Decatur, IL – The Macon County Health Department received a confirmed report of mosquitoes in Macon County testing positive for West Nile Virus. Macon Mosquito Abatement District tested the mosquitoes from their weekly adult surveillance traps and positive results were confirmed by Prairie Research Institute at the University of Illinois at Urbana-Champaign.

Carol Carlton, Director of Clinical Nursing Services at the Macon County Health Department, states that the Macon County Health Department began its seasonal campaign for West Nile Virus in May 2013. The campaign informs residents about prevention and encourages them to get rid of any standing water around their home and to use insect repellent when mosquitoes are out. Many residents believe that if mosquitoes are not visible, there is no risk. However, according to the Illinois Department of Public Health, the mosquitoes that typically carry West Nile Virus, commonly called the house mosquito, are not as noticeable as the swarms of floodwater mosquitoes we see during rainy summers.

Mild cases of West Nile infections may cause a slight fever or headache. More severe infections are marked by a rapid onset of high fever with head and body aches, disorientation, tremors, and convulsions. Symptoms usually occur three to fourteen days after the bite from an infected mosquito. Those at a higher risk for serious illness are individuals 50 years of age or older.

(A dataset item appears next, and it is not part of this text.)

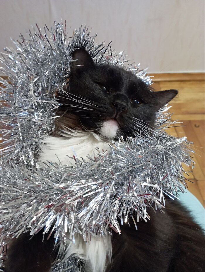 Хотела засунуть красивых новогодних котеков, чтобы срубить плюсцов, но все шерстяные жопы куда-то спрятались и получилось снасильничать мишурой только Боню

The following tips can help decrease your risk of a mosquito bite:

  • REDUCE exposure  -  avoid being outdoors when mosquitoes are most active, especially between dawn and dusk. Make sure all doors and windows have tight-fitting screens. Keep doors and windows shut, especially at night.  

  • REPEL when outdoors, wear shoes and socks, long pants and a long-sleeved shirt, and apply insect repellent containing DEET - apply sparingly to exposed skin or clothing, according to label instructions. The American Academy of Pediatrics recommends that repellents used on children contain no more than 30% DEET. Consult your physician before using repellents on young children or infants. Insect repellents are not recommended for children younger than 2 months.